Segment Start: Data for this exercise

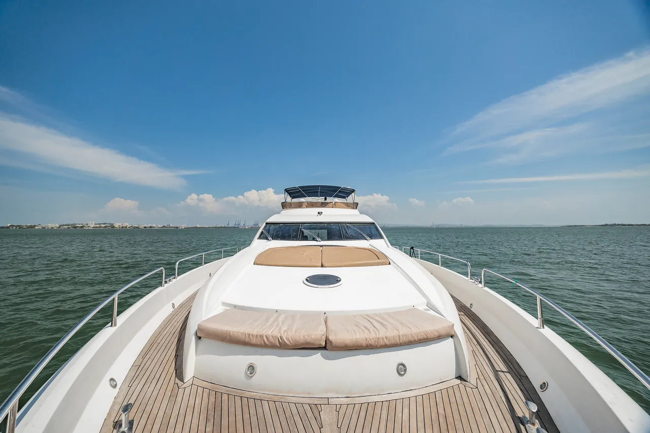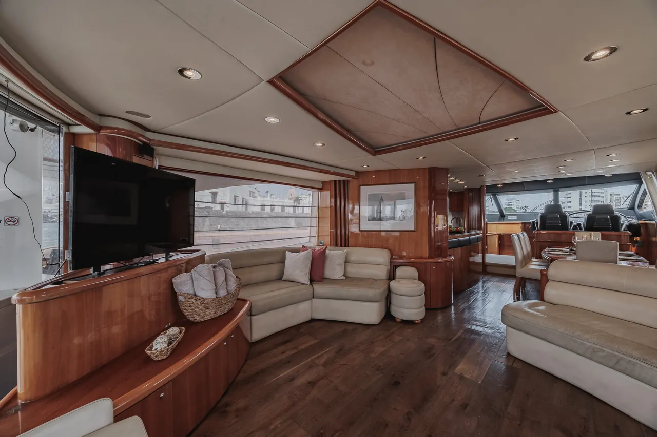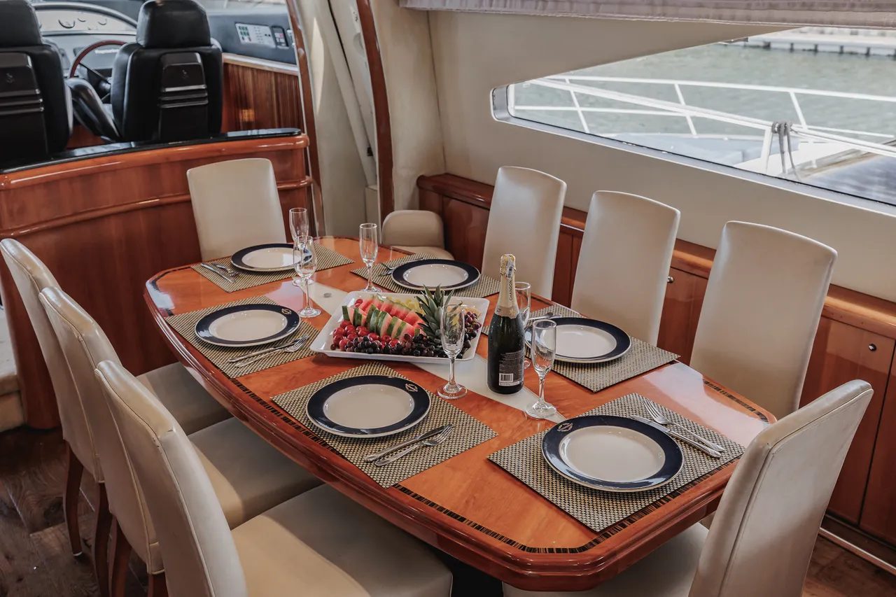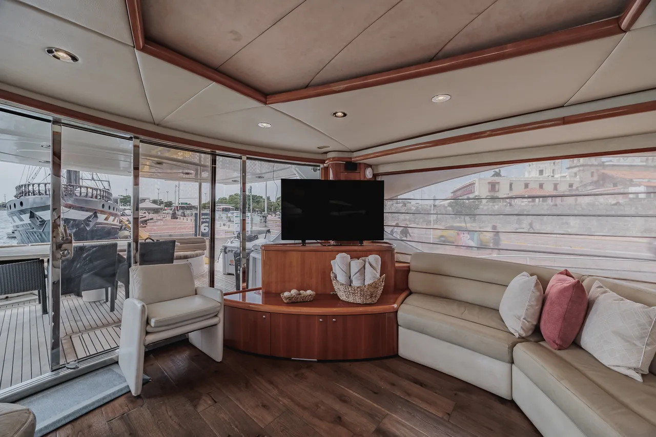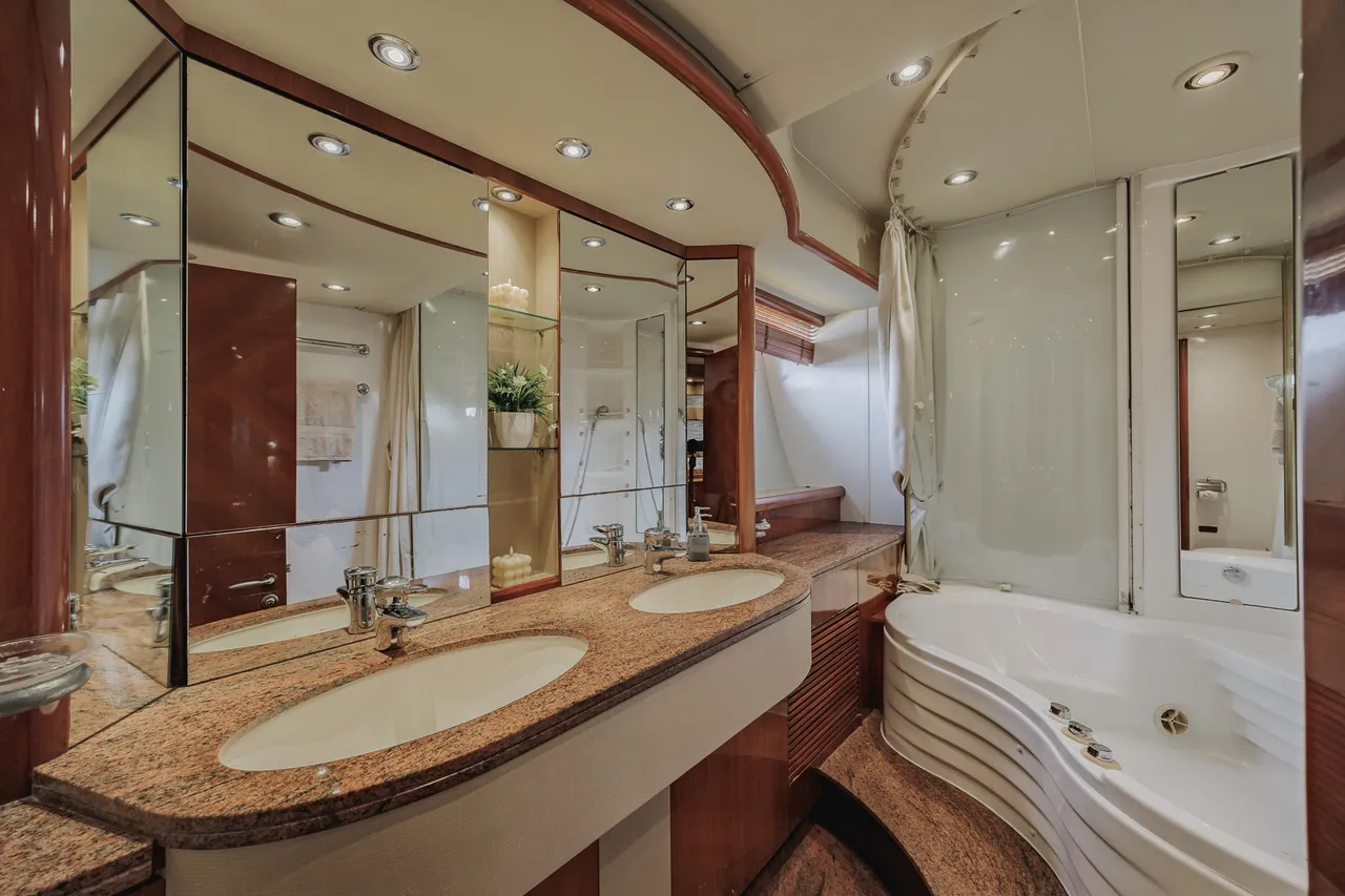 • Flybridge (con vista 360°) con jacuzzi, asoleadora y comedor
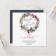 Un faire-part de mariage d'aquarelle florale à fleurs en hiver peint à la main, moderne et élégant, avec des couleurs bleu marine, vert, rouge et une élégante calligraphie de script.
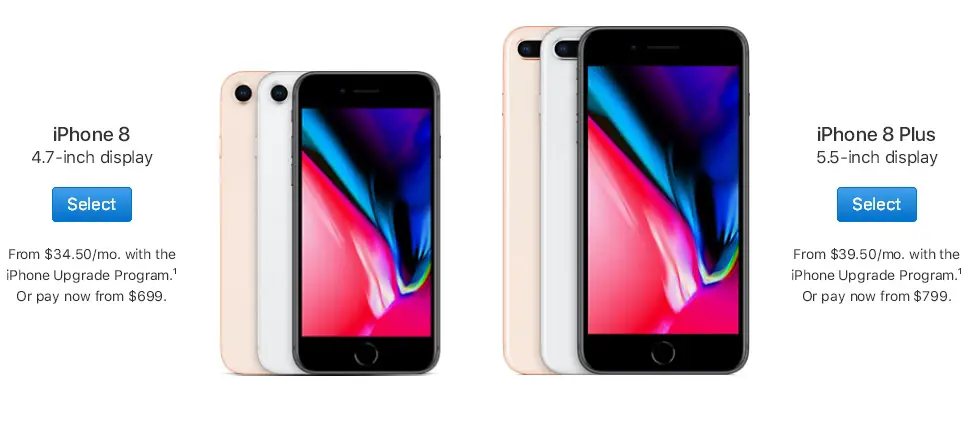 Pricing: $699 or $849 for iPhone 8, $799 or $949 for iPhone 8 Plus.
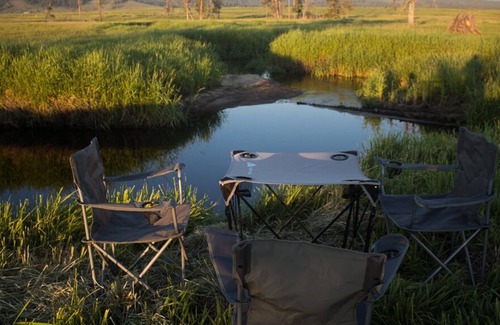 This camp is an outdoor paradise on private property. It is already set up with a 2-bedroom cabin tent, a separate bathroom/shower tent, large shade tent and picnic table. The cooking area has a propane griddle and grill with burner. There is an outdoor kitchen sink and tables. Pots, pans, dishes, coffee pot, air mattresses, ice chest, lighting and camp chairs are provided. Guests need to bring their own bedding/sleeping bags and food. Only a mile from town but feels like you are away from it all. I put 6 people max but there only 2 queen beds air mattress’s in the tent so you might want to bring additional air mattress’s if you need more beds. There is no electricity or plumbing to this tent. It is off the grid living. Portable toilets and solar outdoor shower. Located 10 miles south of McCall and 8 miles from Tamarack Resort. Please contact host for additional information and to confirm availability. Host is nearby as needed to help make sure your vacation is awesome, Steve 208-630-3881
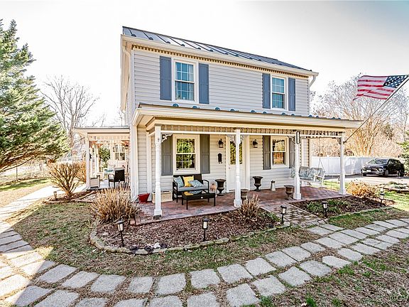 Modern Comfort Meets Rustic Elegance ~ Every detail has been updated for your peace of mind: new metal roof, vinyl siding, windows, HVAC, and hot water tank. The first floor features a primary bedroom with original flooring, a formal dining room with built in cabinetry and tray ceiling, and a spacious yet cozy and inviting living room. The bright and airy kitchen includes white cabinets, a farmhouse sink and newer vinyl plank flooring in keeping with that old world charm while maintaining an easy-to-clean modern space. Leading to the second story, is a gorgeously detailed staircase which is met by the original, restored pine floors, 3 additional bedrooms and a full bath. When touring, be sure to check out the added character on this level with its little windows (concealing attic access), the wood paneled ceilings and ledges for added storage or displaying treasures.
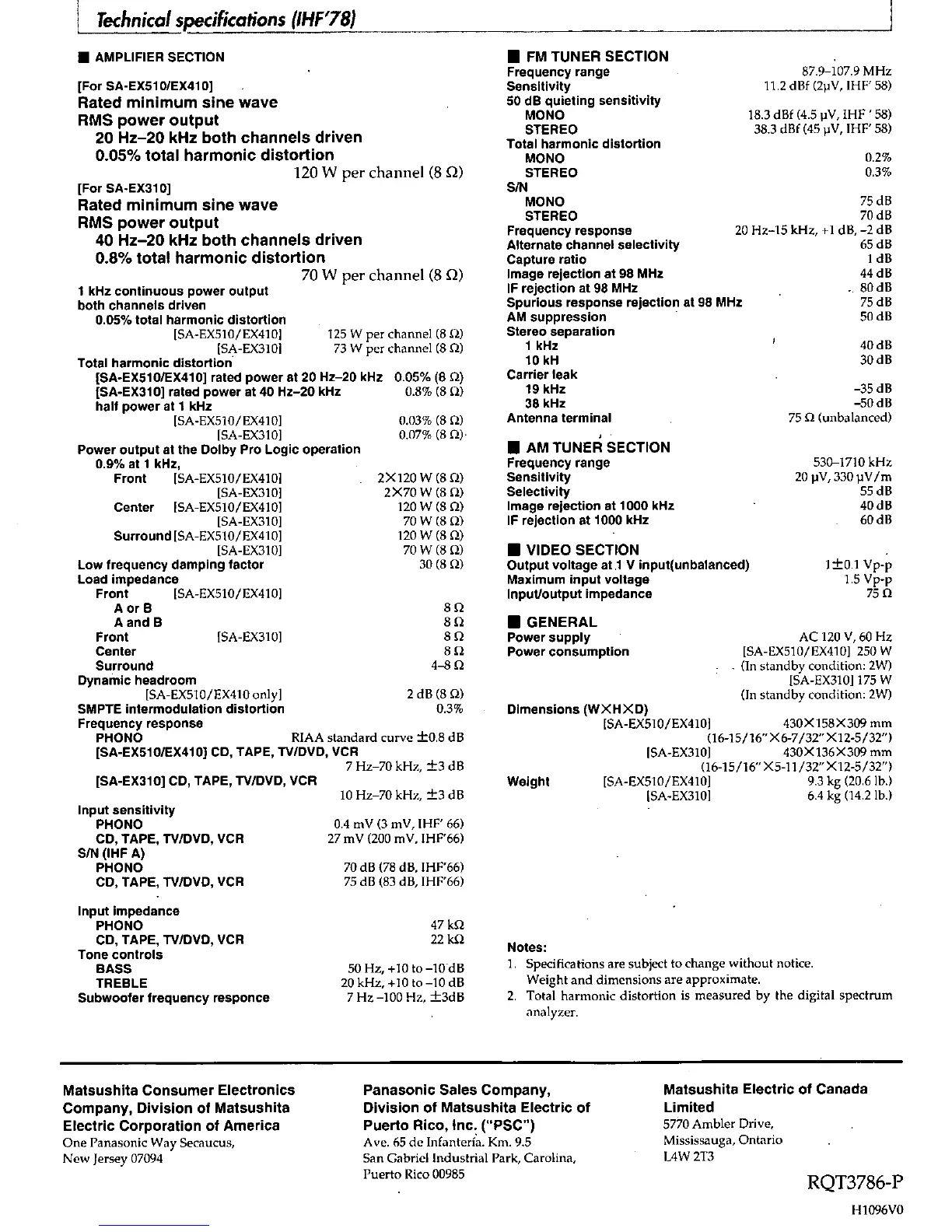 Other manuals for Technics SA-EX310

Segment End: Data for this exercise

_Task item_:
Nothing but an exact copy is needed, covering the lines from the line with "Modern Comfort Meets" through the last line of the entries, pictures excluded.

_Exercise answer_:
 Modern Comfort Meets Rustic Elegance ~ Every detail has been updated for your peace of mind: new metal roof, vinyl siding, windows, HVAC, and hot water tank. The first floor features a primary bedroom with original flooring, a formal dining room with built in cabinetry and tray ceiling, and a spacious yet cozy and inviting living room. The bright and airy kitchen includes white cabinets, a farmhouse sink and newer vinyl plank flooring in keeping with that old world charm while maintaining an easy-to-clean modern space. Leading to the second story, is a gorgeously detailed staircase which is met by the original, restored pine floors, 3 additional bedrooms and a full bath. When touring, be sure to check out the added character on this level with its little windows (concealing attic access), the wood paneled ceilings and ledges for added storage or displaying treasures.
 Other manuals for Technics SA-EX310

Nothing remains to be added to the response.